Exercise brief: Once you find the line with "分岐に戻って天狗岩方面へ向か" in the data below, transcribe exactly each line from there to the line with "I'm having some", inclusive, and nothing else. Drop the pictures.

Dataset records:

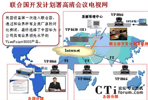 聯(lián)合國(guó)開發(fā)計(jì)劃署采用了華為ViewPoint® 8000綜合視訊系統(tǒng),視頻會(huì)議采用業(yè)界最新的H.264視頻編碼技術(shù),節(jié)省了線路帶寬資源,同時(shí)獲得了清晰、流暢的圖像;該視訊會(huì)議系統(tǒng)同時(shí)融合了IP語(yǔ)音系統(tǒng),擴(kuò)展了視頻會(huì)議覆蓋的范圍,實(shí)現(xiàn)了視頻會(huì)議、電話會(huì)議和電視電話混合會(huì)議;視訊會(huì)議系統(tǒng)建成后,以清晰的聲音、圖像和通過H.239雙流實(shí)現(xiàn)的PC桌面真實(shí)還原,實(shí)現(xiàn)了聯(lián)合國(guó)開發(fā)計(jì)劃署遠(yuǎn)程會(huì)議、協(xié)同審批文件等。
...
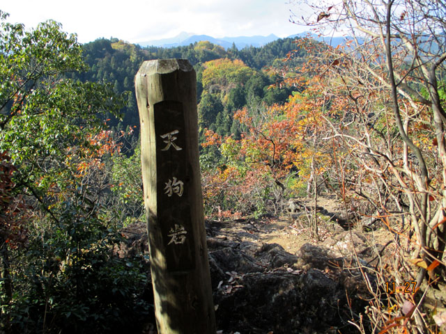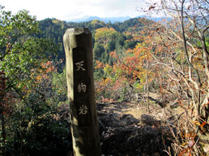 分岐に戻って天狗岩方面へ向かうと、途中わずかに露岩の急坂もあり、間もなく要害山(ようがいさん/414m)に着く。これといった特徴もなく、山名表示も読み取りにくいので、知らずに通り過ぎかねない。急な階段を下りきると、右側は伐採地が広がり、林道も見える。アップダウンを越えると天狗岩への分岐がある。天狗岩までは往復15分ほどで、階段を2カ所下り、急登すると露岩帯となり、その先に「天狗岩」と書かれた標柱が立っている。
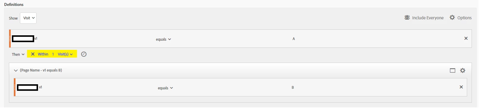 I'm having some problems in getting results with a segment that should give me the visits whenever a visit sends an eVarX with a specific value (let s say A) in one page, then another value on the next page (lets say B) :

Task result:
 分岐に戻って天狗岩方面へ向かうと、途中わずかに露岩の急坂もあり、間もなく要害山(ようがいさん/414m)に着く。これといった特徴もなく、山名表示も読み取りにくいので、知らずに通り過ぎかねない。急な階段を下りきると、右側は伐採地が広がり、林道も見える。アップダウンを越えると天狗岩への分岐がある。天狗岩までは往復15分ほどで、階段を2カ所下り、急登すると露岩帯となり、その先に「天狗岩」と書かれた標柱が立っている。
 I'm having some problems in getting results with a segment that should give me the visits whenever a visit sends an eVarX with a specific value (let s say A) in one page, then another value on the next page (lets say B) :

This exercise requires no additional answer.